Document 2. Truman’s Memorandum to Byrnes, January 5, 1946

This is an excerpt of the longhand memorandum that Truman wrote and said he read—but in all probability did not read—to Byrnes:

My dear Jim:

I have been considering some of our difficulties. … I do not intend to turn over the complete authority of the President nor to forgo the President’s prerogative to make the final decision.

Therefore, it is absolutely necessary that the President should be kept fully informed on what is taking place. … I received no communication from you directly while you were in Moscow. The protocol was not submitted to me, nor was the communiqué. I was completely in the dark on the whole conference until I requested you to come … and inform me. The communiqué was released before I ever saw it.

Now, I have infinite confidence in you and in your ability, but there should be a complete understanding between us on procedure. Hence this memorandum….

I think we ought to protest with all the vigor of which we are capable against the Russian program in Iran. There is no justification for it. It is a parallel to the program of Russia in Latvia, Estonia, and Lithuania. It is also in line with the high-handed and arbitrary manner in which Russia acted in Poland….

There isn’t a doubt in my mind that Russia intends an invasion of Turkey and the seizure of the Black Sea Straits to the Mediterranean. Unless Russia is faced with an iron fist and strong language, another war is in the making.

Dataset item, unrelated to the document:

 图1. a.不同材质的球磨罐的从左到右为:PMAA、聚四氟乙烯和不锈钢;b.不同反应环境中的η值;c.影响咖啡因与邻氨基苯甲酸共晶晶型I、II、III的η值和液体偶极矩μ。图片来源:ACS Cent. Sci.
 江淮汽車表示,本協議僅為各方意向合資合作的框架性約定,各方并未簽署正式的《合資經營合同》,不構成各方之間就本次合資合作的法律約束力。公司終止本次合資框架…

Only one language they understand is “how many divisions have you?”

I do not think we should play compromise any longer. We should refuse to recognize Romania and Bulgaria until they comply with our requirements; we should let our position on Iran be known in no uncertain terms. … We should rehabilitate China and create a strong central government there. We should do the same for Korea….

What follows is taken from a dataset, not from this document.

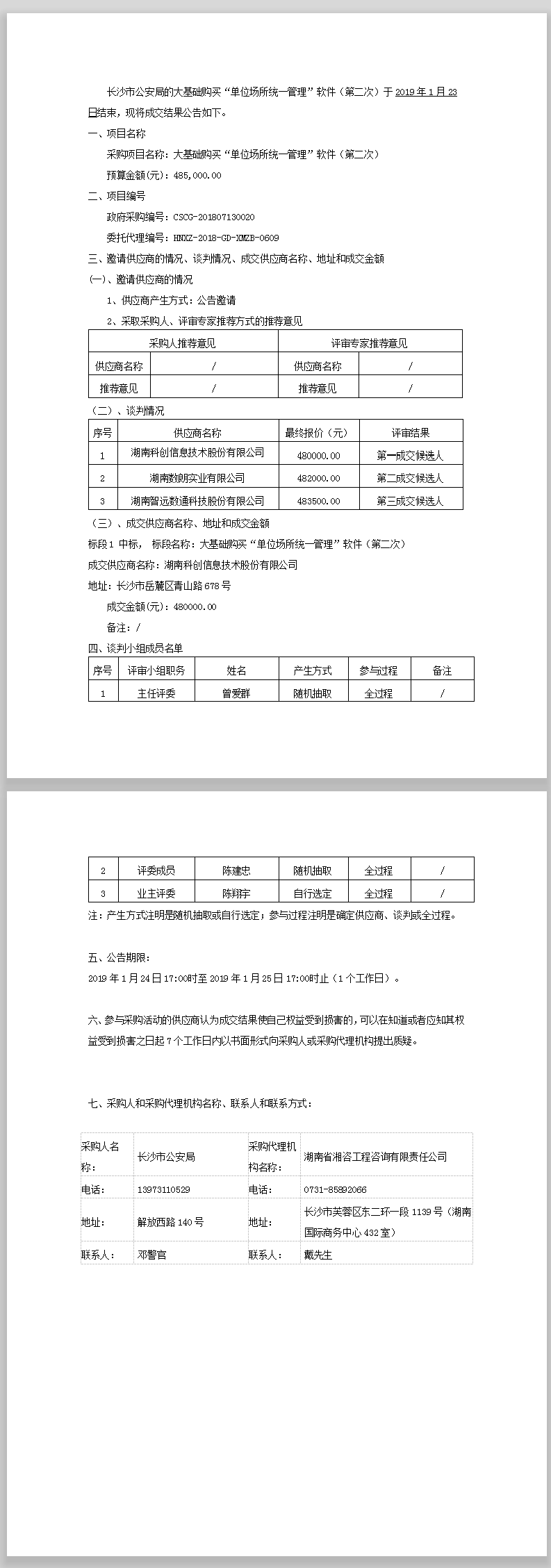 大基础购买“单位场所统一管理”软件(第二次) 结果公告

I’m tired of babying the Soviets.

Source: Harry S. Truman, Memoirs, I: 551–552.

Document 3. Excerpts from George Kennan’s “Long” Telegram, February 22, 1946

In summary, we have here [the Soviet Union] a political force committed fanatically to the belief that with us there can be no permanent modus vivendi, that it is desirable and necessary that the internal harmony of our society be disrupted, our traditional way of life be destroyed, the international authority of our state be broken, if Soviet power is to be secure. This political force has complete power of disposition over energies of one of the world’s greatest peoples and resources of the world’s richest national territory, and is borne along by deep and powerful currents of Russian nationalism. In addition, it has an elaborate and far-flung apparatus for exertion of its influence in other countries, an apparatus of amazing flexibility and versatility, managed by people whose experience and skill in underground methods are without parallel in history….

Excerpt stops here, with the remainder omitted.